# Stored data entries
%%
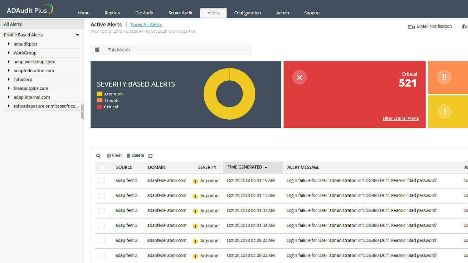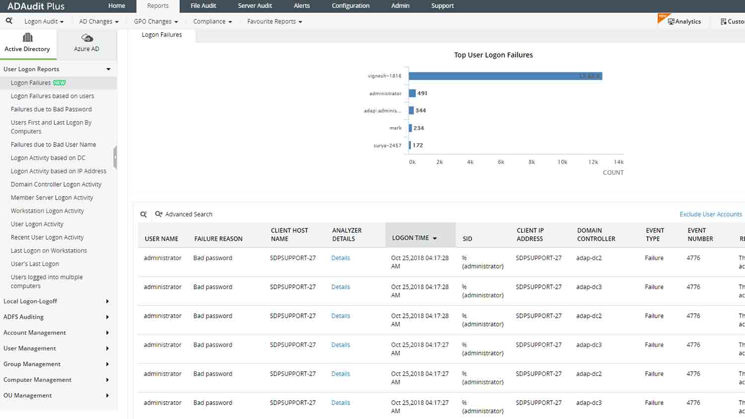 Schützen Sie Ihre Active-Directory-Umgebung mit ADAudit Plus und profitieren Sie von besseren Einsichten in Ihre Domänen – mit Echtzeitwarnungen und umfassender Änderungsüberwachung.
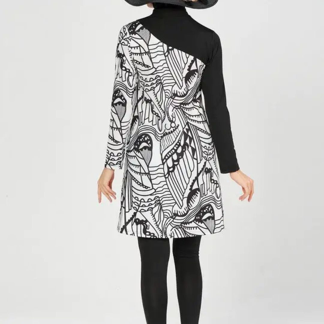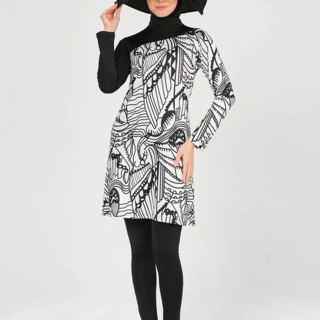Le maillot de bain burkini style moderne et abstrait brille par son esthétique unique. Les motifs abstraits et la palette de noir et blanc offrent un look contemporain qui attire le regard, parfait pour celles qui aiment se démarquer. Ce design avant-gardiste n'est pas seulement beau à regarder, il est également conçu pour inspirer confiance et élégance chez celle qui le porte.
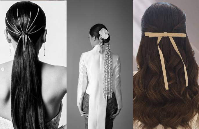 Kalau dulu tiara atau veil adalah satu-satunya pelengkap gaya rambut pengantin, tahun 2026 jadi eranya statement hair accessories. Dari pita beludru besar, jepit mutiara tebal, rantai rambut, sampai headpiece bunga metalik, semua jadi fokus utama yang bisa memperkuat gaya kamu.
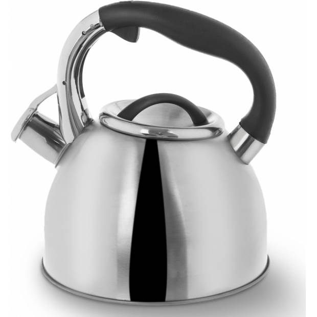 Moderní matný nerezový čajník s černými plastovými prvky, je opatřen odklápěcí píšťalkou, která ohlásí vařící se vodu. Rovné dno zajistí rychlý rozvod tepla a ohřev vody nejen na kávu, čaj na všech typech spotřebičů, včetně indukce.
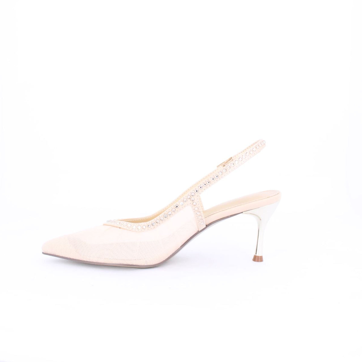 Elevate your evening style with these Pamella Slingback Heels. Crafted with a sophisticated pointed toe and a sleek stiletto heel, these shoes exude elegance. The design features delicate mesh panels accented with subtle embellishments, adding a touch of allure. The adjustable slingback strap ensures a comfortable and secure fit, making them a perfect choice for special occasions and glamorous events.
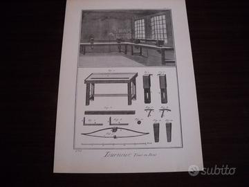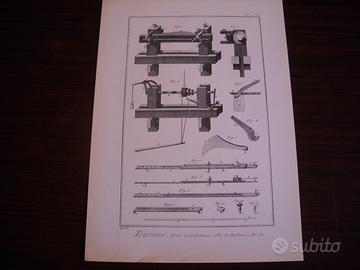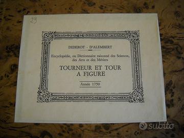 ENCICLOPEDIA di DIDEROT - D'ALEMBERT TOURNEUR ET TOUR A FIGURE dell'anno 1750Questa è la copia "originale"n.29 delle 500 copie stampate in lingua Francese.Comprende tutto sulle macchine per la tornitura e relativi attrezzi.E' composta da 20 pagine per la spiegazione delle successive 87 tavole di macchinari e tutti i pezzi che le compongono.Tutte le tavole sono comprese in una copertina rigida originale.L'enciclopedia è in OTTIME CONDIZIONI di conservazione (come nuova).Dimensioni cm. 25,5x35Per chi avesse ulteriori domande, sono a completa disposizione
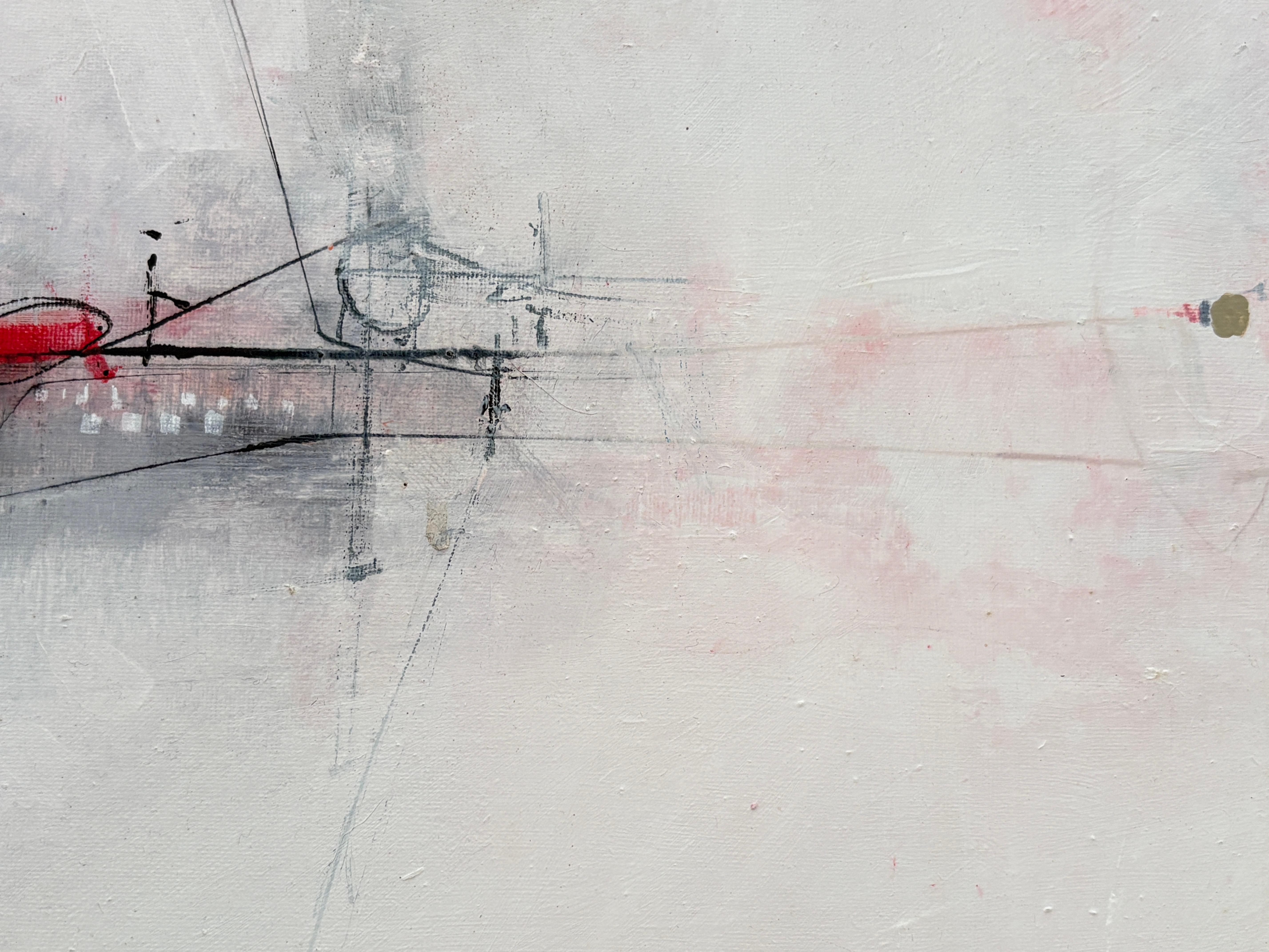 This urban landscape evokes a serene, almost dreamlike quality, reminiscent of early morning fogs cloaking a city awakening. Splashes of muted red and earthy greens flirt with the vast expanse of white, alluding to distant city elements. The painting's intricate lines and deliberate composition signify Mor's affinity for marrying the mathematical with the artistic. The deliberate placements and contrasts within the artwork underscore the balance and tension between the tangible and intangible, between clarity and obscurity.
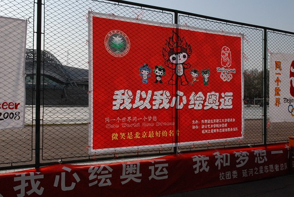 在这场由校团委、设计艺术学院分团委和校延河之星志愿者服务总队共同举办的,以奥运会比赛项目标识图像为主要内容的图像展览中,每一幅标识图像都是由奥运志愿者们亲手所绘。同学们也正是以这样一种特殊的方式来迎接奥运会的到来。
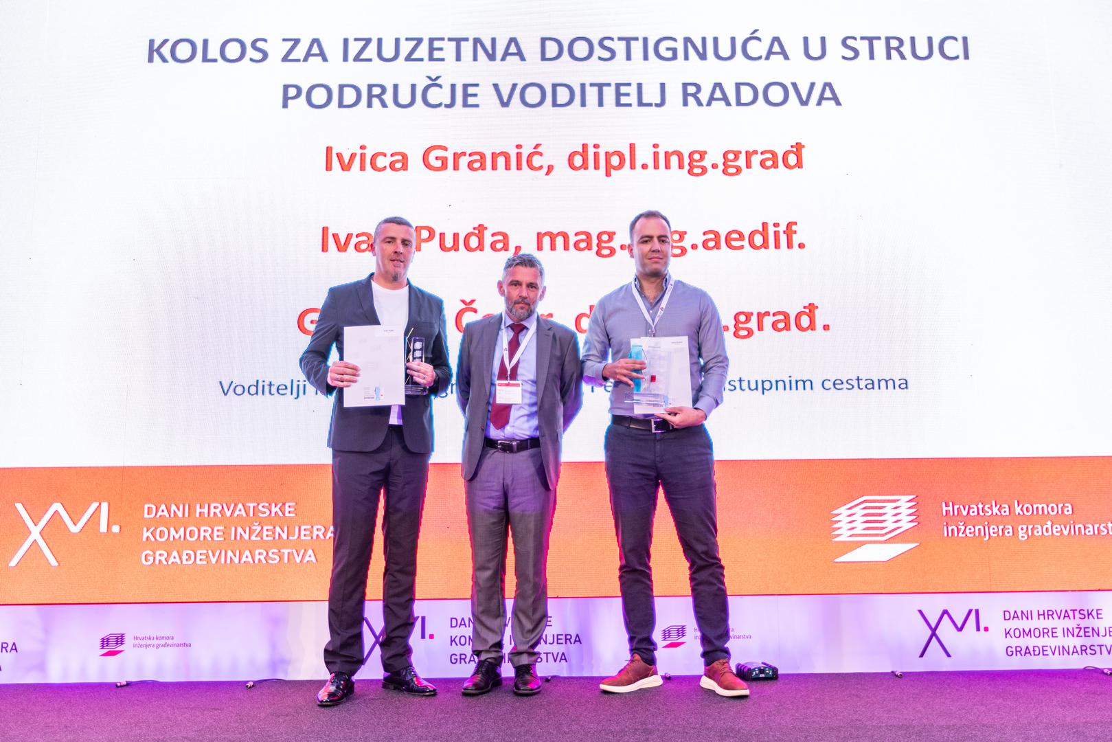 Ivica Granić, dipl.ing.građ. , Ivan Puđa, mag.ing.aedif. I Gordan Čelar, dipl.ing. građ. dobitnici su nagrade za izuzetna dostignuća u struci voditelja radova I to kao voditelji radova na projektu izgradnje mosta kopno-Pelješac s pristupnim cestama
%%
Pick up at the line containing "在这场由校团委、设计艺术学院" and copy each line exactly until the data ends, including that last line; copy no pictures.

 在这场由校团委、设计艺术学院分团委和校延河之星志愿者服务总队共同举办的,以奥运会比赛项目标识图像为主要内容的图像展览中,每一幅标识图像都是由奥运志愿者们亲手所绘。同学们也正是以这样一种特殊的方式来迎接奥运会的到来。
 Ivica Granić, dipl.ing.građ. , Ivan Puđa, mag.ing.aedif. I Gordan Čelar, dipl.ing. građ. dobitnici su nagrade za izuzetna dostignuća u struci voditelja radova I to kao voditelji radova na projektu izgradnje mosta kopno-Pelješac s pristupnim cestama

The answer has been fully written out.